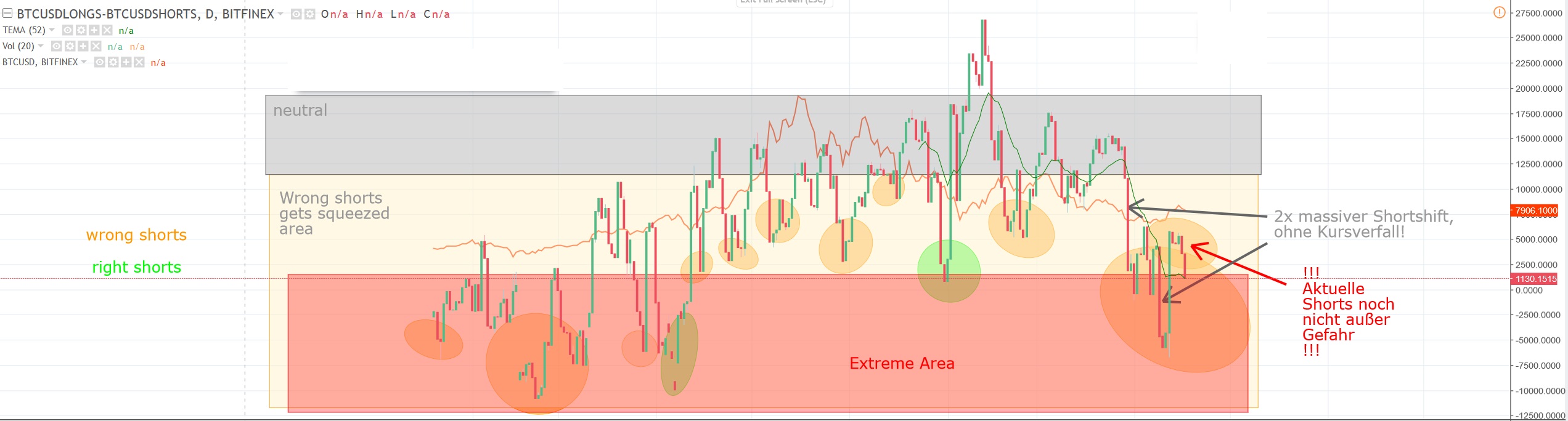 Der neutrale Bereich für BTC ist im Nettoshortchart (alle Longs minus alle Shorts) immer weit im positiven Bereich und nicht bei 0, wie man das von anderen Werten gewohnt ist.
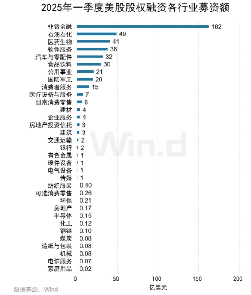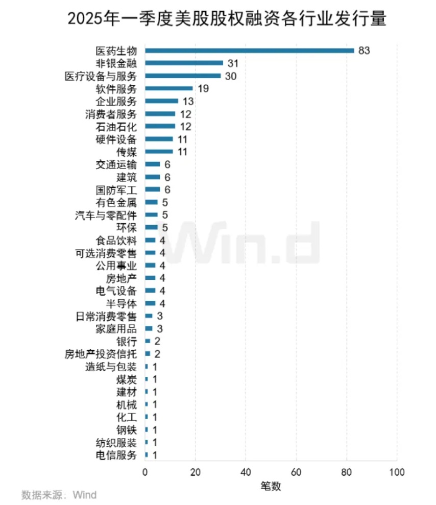 2025年一季度,多项政策调整引发经济局势的不确定性,美股一二级市场均呈降温迹象。道琼斯工业指数一季度下跌1.28%,纳斯达克指数下跌10.42%,标普500指数下跌4.59%。根据Wind数据统计,2025年一季度股权融资(包含IPO与再融资)募资金额为444亿美元,较去年同期的503亿美元减少-11.80%。
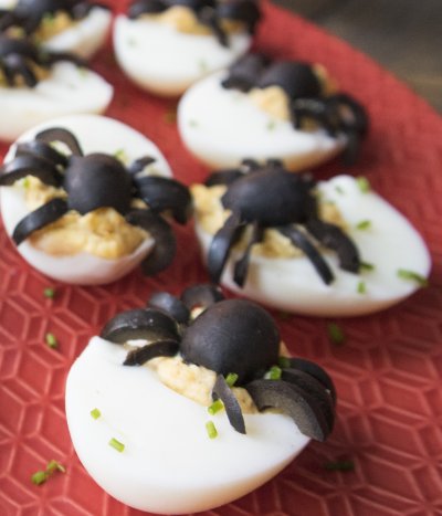 Snijd de eieren over de lengte doormidden, lepel het eigeel er voorzichtig uit en doe deze in een kommetje. Voeg daar de mayonaise, paprika-, kerrie- en ui poeder aan toe en prak alles tot een smeuïge massa. Voeg zout en peper naar smaak toe. Doe het mengsel in een spuitzak en vul daarmee de eieren. Neem één olijf per spin en snijd deze doormidden. Gebruik één helft van de olijf voor het lijfje van de spin. Snijd de andere helft van de olijf in 8 dunne reepjes voor de pootjes van de spin.
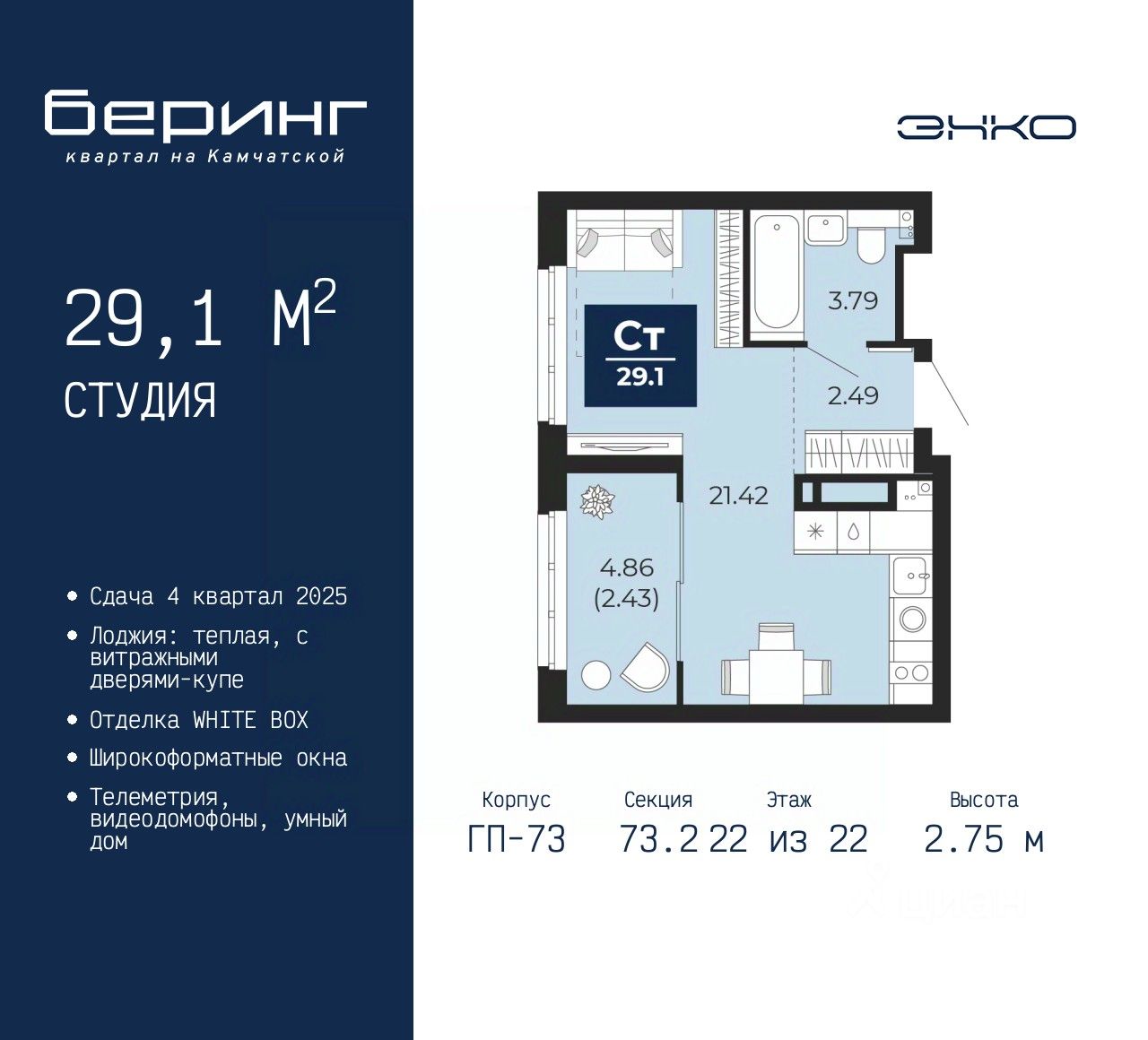 1-комн. квартира-студия с предчистовой отделкой в ЖК ''Беринг'' на 22 этаже. Общая площадь: 29.1 кв.м., площадь гостиной 21.42 кв.м., из которых 5 кв.м. выделено под кухонную зону. Все окна выходят на одну сторону. В квартире одна лоджия, один совмещенный санузел. Высота потолков 2.75 м.
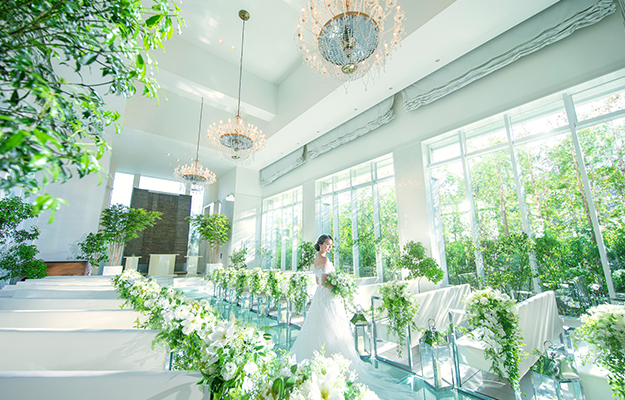 お二人の大切な一日が感動と幸せに包まれることをお約束する結婚式場。 ガーデンを望む大きな窓から陽が差し込む中でアットホームなパーティーを。
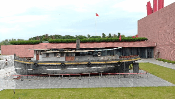 图中是纪念馆入口处安置的国家一级文物“渡江第一船”——“京电号”小火轮,站在小火轮前,同志们深切感受到革命先辈们在艰苦条件下不畏牺牲、勇往直前的革命精神。这种精神激励着我们铭记历史,不忘初心,时刻铭记为共产主义事业奋斗终身的誓言。
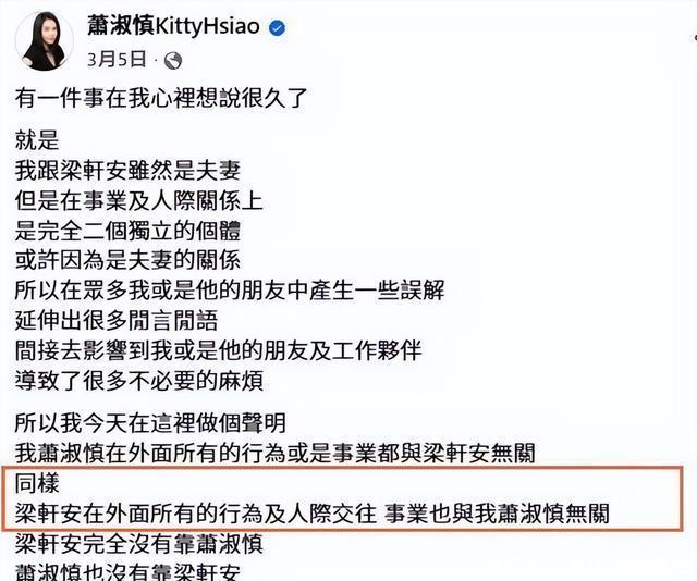 梁轩安开了10分钟记者会, 只说“被蹭热度讹钱”,要告凭空,追问细节时回身就走,还偷偷删了和萧淑慎的合照 。 萧淑慎滥觞直播举着情侣手链说“贯彻恒久”,晒合照力挺,可看到曾密斯的视频片断后,躲在房间哭了一下昼。

········

What you have to do: Starting at the line that contains "1-комн. квартира-студия с", write out exactly each line through the last one in the listing above, leaving out the pictures and adding nothing else.

Your solution:
 1-комн. квартира-студия с предчистовой отделкой в ЖК ''Беринг'' на 22 этаже. Общая площадь: 29.1 кв.м., площадь гостиной 21.42 кв.м., из которых 5 кв.м. выделено под кухонную зону. Все окна выходят на одну сторону. В квартире одна лоджия, один совмещенный санузел. Высота потолков 2.75 м.
 お二人の大切な一日が感動と幸せに包まれることをお約束する結婚式場。 ガーデンを望む大きな窓から陽が差し込む中でアットホームなパーティーを。
 图中是纪念馆入口处安置的国家一级文物“渡江第一船”——“京电号”小火轮,站在小火轮前,同志们深切感受到革命先辈们在艰苦条件下不畏牺牲、勇往直前的革命精神。这种精神激励着我们铭记历史,不忘初心,时刻铭记为共产主义事业奋斗终身的誓言。
 梁轩安开了10分钟记者会, 只说“被蹭热度讹钱”,要告凭空,追问细节时回身就走,还偷偷删了和萧淑慎的合照 。 萧淑慎滥觞直播举着情侣手链说“贯彻恒久”,晒合照力挺,可看到曾密斯的视频片断后,躲在房间哭了一下昼。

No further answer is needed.